Chinese General Hospital Colleges 中華崇仁總醫院護理及文科學院
- Type: Private, Non-Sectarian
- Established: 1921
- President: Dr. James G. Dy
- Students: More than 1,400 (AY 2022 - 2023)
- Location: 286 Blumentritt St., Santa Cruz, Manila, Metro Manila, Philippines 14°37′30.91″N 120°59′16.57″E﻿ / ﻿14.6252528°N 120.9879361°E
- Campus: Urban;
- Website: www.cghc.edu.ph
- Location in Manila Location in Metro Manila Location in Luzon Location in the Philippines

= Chinese General Hospital Colleges =

Private college in Manila, Philippines

Chinese General Hospital Colleges is a medical school located in Manila, Philippines. It was established in 1921 as the Chinese General Hospital School of Nursing (CGHSN). It is owned and managed by the Philippine Chinese Charitable Association (PCCA) Inc. as a non-profit service organization. In 2012 the college began to offer courses such as Bachelor of Science in Medical Technology, BS in psychology, BS in Radiologic Technology and Diploma in Midwifery. In 2017 it opened the College of Medicine, which incorporates Traditional Chinese Medicine in its curriculum.

==History==
The Chinese General Hospital Colleges was established in 1921 as the Chinese General Hospital School of Nursing (CGHSN). The idea was conceived by Dr. Jose Tee Han Kee, who was the Director of the Chinese General Hospital. With him were three physicians who organized the training school. The Missionary Sisters of the Immaculate Conception (M.I.C. Sisters), with mission houses in Hong Kong and Canton, China, were requested by Kee to help in starting the school. The first batch of five sisters arrived in August 1921. Praxedes Co Tui, a registered nurse from the Philippine General Hospital, was appointed as Chief Nurse and the first principal of the School of Nursing.

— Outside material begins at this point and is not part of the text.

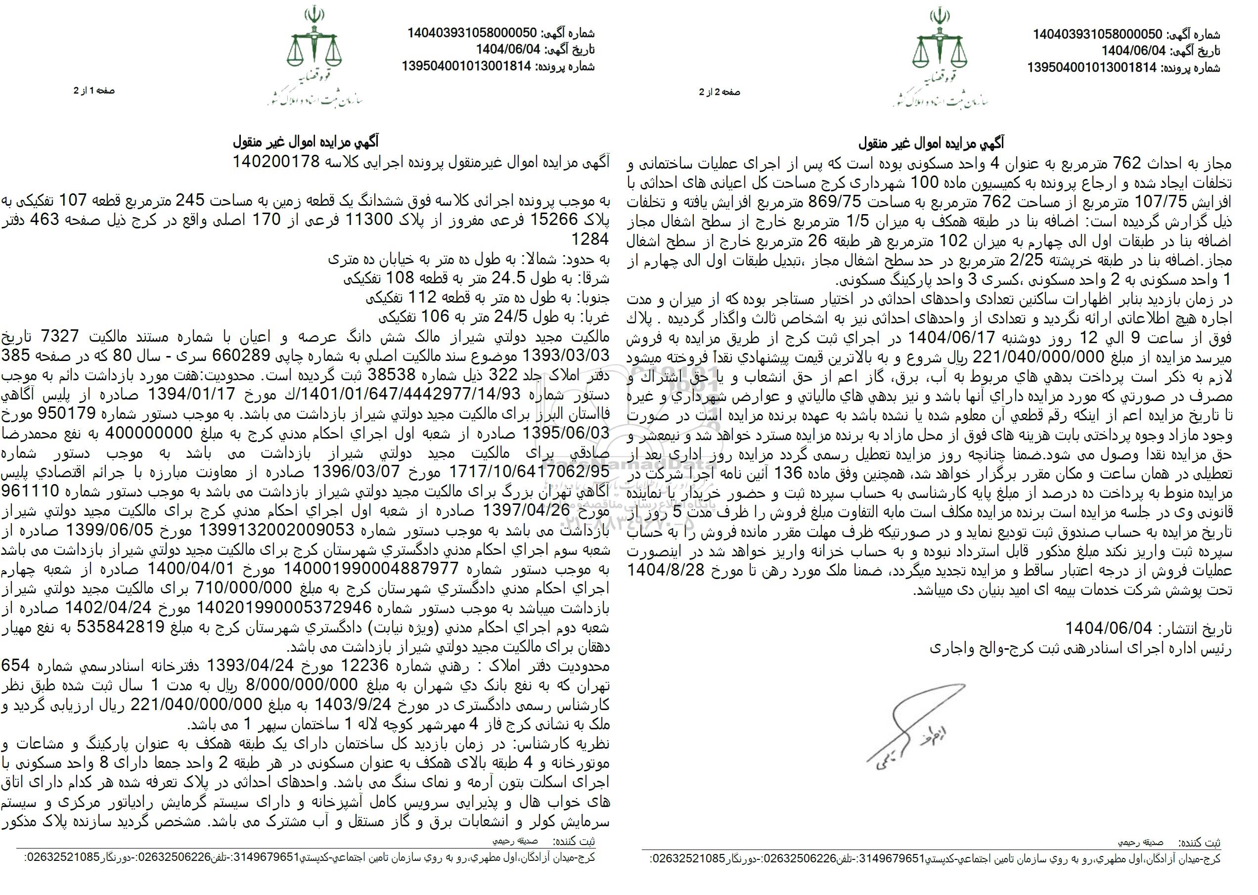 شماره آگهی: 140403931058000050

In 2012, the college began to offer new courses namely: BS in Medical Technology, BS in Psychology, BS in Radiologic Technology and Diploma in Midwifery.

In 2017, it opened the College of Medicine, which is the only school in the country that offers Doctor of Medicine with incorporation of Traditional Chinese Medicine in its curriculum. Also the same year, the college began to offer BS Physical Therapy and Caregiving NCII. It also established its Senior High School, initially only offering the STEM strand.

In 2022, the college began offering non-medical courses under the College of Accountancy and Entrepreneurship with two degree programs: BS in Accountancy and BS in Management Accounting, along with the Accountancy and Business Management strand in the Senior High School Department.